- _WHAT YOU SHOULD DO_: Where the line with "Het aantal atlasblokken" appears below, start writing out lines exactly, and finish with the line with "Canvas leather bags, made", which is included; write out nothing else.

- _DATA IN THIS EXERCISE_:

_ _ _

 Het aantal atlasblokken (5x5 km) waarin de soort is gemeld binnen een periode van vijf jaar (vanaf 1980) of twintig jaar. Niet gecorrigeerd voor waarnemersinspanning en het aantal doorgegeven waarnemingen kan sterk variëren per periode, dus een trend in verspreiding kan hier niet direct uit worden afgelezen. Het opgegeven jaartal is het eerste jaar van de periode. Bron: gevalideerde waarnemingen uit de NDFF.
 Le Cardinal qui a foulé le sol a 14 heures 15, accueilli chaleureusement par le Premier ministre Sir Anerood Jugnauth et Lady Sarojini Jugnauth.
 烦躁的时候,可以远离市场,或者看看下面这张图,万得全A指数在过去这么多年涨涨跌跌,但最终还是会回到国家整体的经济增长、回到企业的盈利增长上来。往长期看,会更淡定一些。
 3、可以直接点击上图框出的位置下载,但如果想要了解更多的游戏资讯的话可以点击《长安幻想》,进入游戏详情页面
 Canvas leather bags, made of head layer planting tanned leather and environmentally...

_ _ _

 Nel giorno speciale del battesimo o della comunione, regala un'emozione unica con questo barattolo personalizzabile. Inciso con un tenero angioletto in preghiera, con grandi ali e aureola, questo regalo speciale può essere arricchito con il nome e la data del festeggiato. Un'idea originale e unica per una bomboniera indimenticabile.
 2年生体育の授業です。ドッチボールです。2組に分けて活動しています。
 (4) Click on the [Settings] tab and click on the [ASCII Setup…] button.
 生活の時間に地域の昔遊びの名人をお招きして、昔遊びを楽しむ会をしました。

_ _ _

- _TASK ANSWER_:
 Het aantal atlasblokken (5x5 km) waarin de soort is gemeld binnen een periode van vijf jaar (vanaf 1980) of twintig jaar. Niet gecorrigeerd voor waarnemersinspanning en het aantal doorgegeven waarnemingen kan sterk variëren per periode, dus een trend in verspreiding kan hier niet direct uit worden afgelezen. Het opgegeven jaartal is het eerste jaar van de periode. Bron: gevalideerde waarnemingen uit de NDFF.
 Le Cardinal qui a foulé le sol a 14 heures 15, accueilli chaleureusement par le Premier ministre Sir Anerood Jugnauth et Lady Sarojini Jugnauth.
 烦躁的时候,可以远离市场,或者看看下面这张图,万得全A指数在过去这么多年涨涨跌跌,但最终还是会回到国家整体的经济增长、回到企业的盈利增长上来。往长期看,会更淡定一些。
 3、可以直接点击上图框出的位置下载,但如果想要了解更多的游戏资讯的话可以点击《长安幻想》,进入游戏详情页面
 Canvas leather bags, made of head layer planting tanned leather and environmentally...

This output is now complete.